The Appalachian Power Co. (APCo) and Wheeling Power Co. (WPCo) units of American Electric Power (NYSE: AEP) on June 23 filed with the West Virginia Public Service Commission a settlement of their latest annual cost recovery request under the Expanded Net Energy Cost (ENEC) program.
The deal is with the staff of the Public Service Commission, the Consumer Advocate Division of the commission and the West Virginia Energy Users Group. It is called Joint Stipulation and Agreement for Settlement.
On March 1, the AEP companies filed a petition to initiate the annual review and to update the ENEC rates currently in effect. The companies proposed to increase ENEC rates to produce an additional $108.3 million in annual ENEC revenues, to continue and expand the Transmission Investment Charge (TIC) that was initially implemented in the companies’ 2015 ENEC proceeding, and to implement a comparable Generation Investment Charge (GIC) to recover costs associated with certain generation assets.
The companies also proposed: to allocate the Felman Fixed Costs to all customers; to recover the Amos Unit 3 Reserve Deficiency deferred carrying charges (this is a coal-fired unit); to treat Black Start Service revenues as base rate items; to add certain Felman discounts to the ENEC under-recovery balance; and to assign directly reservation fees to internal load.
The stipulating parties now agree that, effective July 1, the companies should implement revised ENEC rates and a new Construction Surcharge, which, together, are designed to produce a total increase in revenues of $55,060,000 per year (3.8%). This amount consists of $38,094,800 in ENEC revenues and $16,965,200 in Construction Surcharge revenues.
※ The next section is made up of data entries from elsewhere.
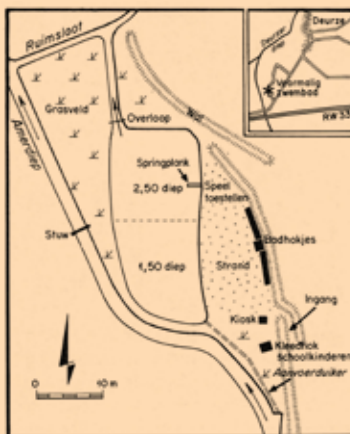
Tekst: Rolder Historisch Gezelschap Tekening zwembad Deurze: © Geschiedenisboek Rolde, F.D. Horjus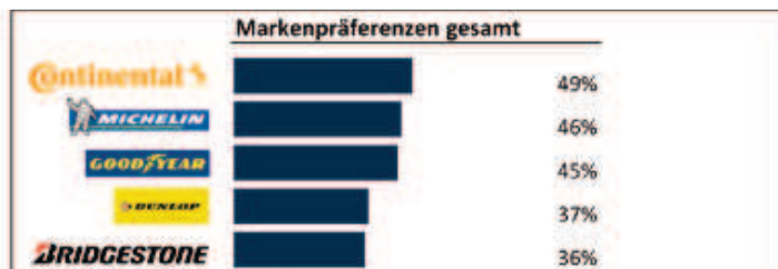
Chart 1 – Investitionen in Markenaufbau tragen Früchte: Die Bekanntheit der führenden Premium-Reifenmarken ist relativ hoch. Allerdings liegt die Kaufpräferenz deutlich niedriger.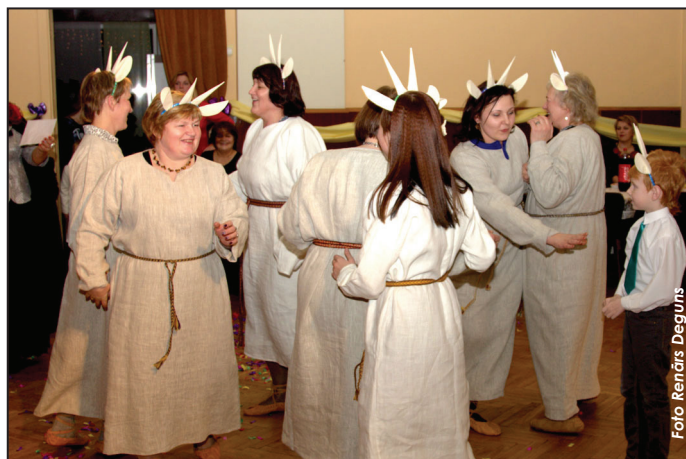
Akrobāti no folkloras kopas "Saule"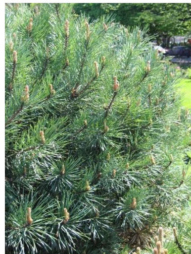
Figure 39 : Pinus sylvestris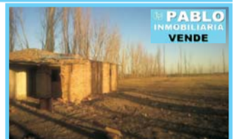
Provincia de Mendoza, consulte hectáreas, campo en la localidad de General Alvear.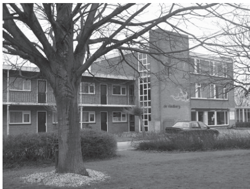
'De Vliedberg' te Rilland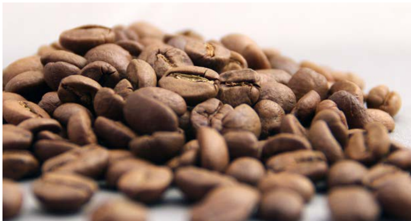
Pražená kávová zrna odrůdy, kterou známe jako arabicu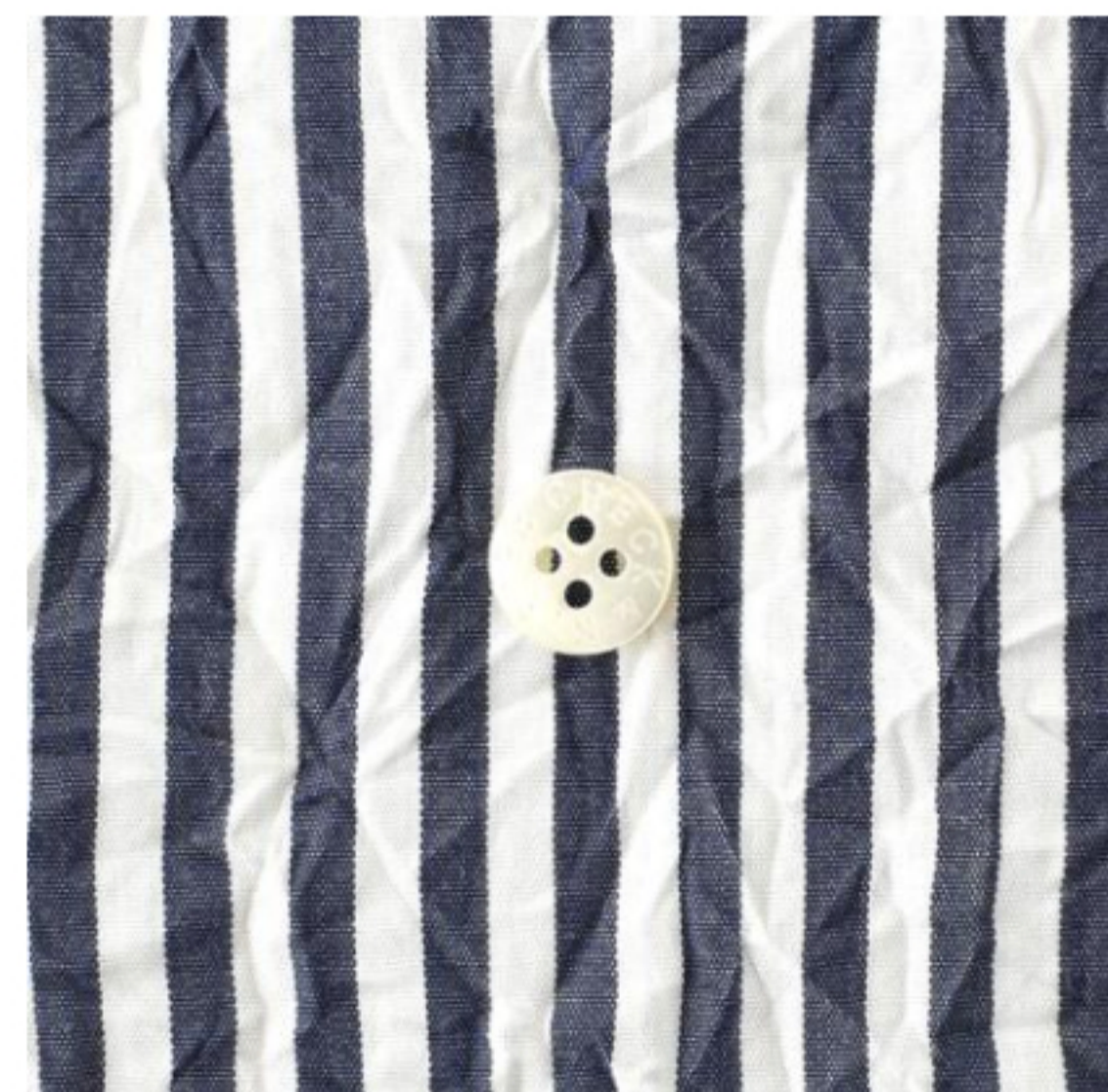
ネイビー×ホワイト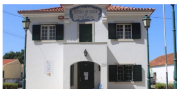
Utentes de centro de Saúde de Sintra realizam vigília contra encerramento provisório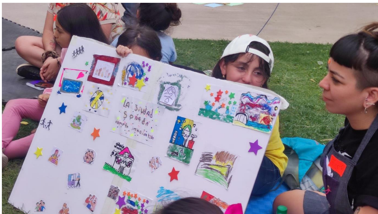
Fotografía 15: Conclusiones grupo 1.

En el Consejo, y con la palabra como protagonista, cada grupo presentó sus creaciones y principales conclusiones de la jornada, relevando el diagnóstico sobre su comuna, sus intereses y cómo se imaginan un futuro Cecrea.

- The parties agree that the ENEC rates effective July 1 and reflecting $38,094,800 in increased revenues, should remain in effect and frozen for a period of two years ending June 30, 2018. The parties further agree that the companies should be relieved of their obligation to file an ENEC case in 2017 and should not file an ENEC case in 2017. They agree that the companies should be permitted to file in 2017 any ENEC-related information that they deem appropriate, but they should not request any change in rates.
- The parties agree that, during the two-year ENEC period (of July 1, 2016 through June 30, 2018), all remaining deferred costs related to Reclassified Coal payments ($7,792,949 as of December 31, 2015) should be fullly amortized as a cost in the ENEC over/under recovery calculations.
- The parties agree that, effective July 1, 2016, the costs of wind energy purchased by the companies should be apportioned between energy-related costs and demand-related costs and that the demand-related portion should be determined based on the PJM UCAP value for intermittent wind generation and the PJM Capacity value in the RPM (based on the average BRA for the years 2016/17 and 2017/18).
- The AEP cmpanies agree not to file a general rate case before April 1, 2018, absent a financial distress situation.
- The companies agree, on a going-forward basis, to investigate and assess increasing the use of open competitive solicitations in their coal procurement, developing portfolio targets with respect to supplier mix, and developing contingency plans related to supplier non-performance. These results of such investigation and assessment will be documented and presented in their 2018 ENEC case.
- The AEP companies agree to provide to commission staff by Nov. 1 of each year, information regarding significant transmission additions and upgrades planned for the next three years within the companies’ service territories with a projected cost greater than $5 million. The information provided should reasonably permit the staff to understand the scope of, and need for, the identified projects.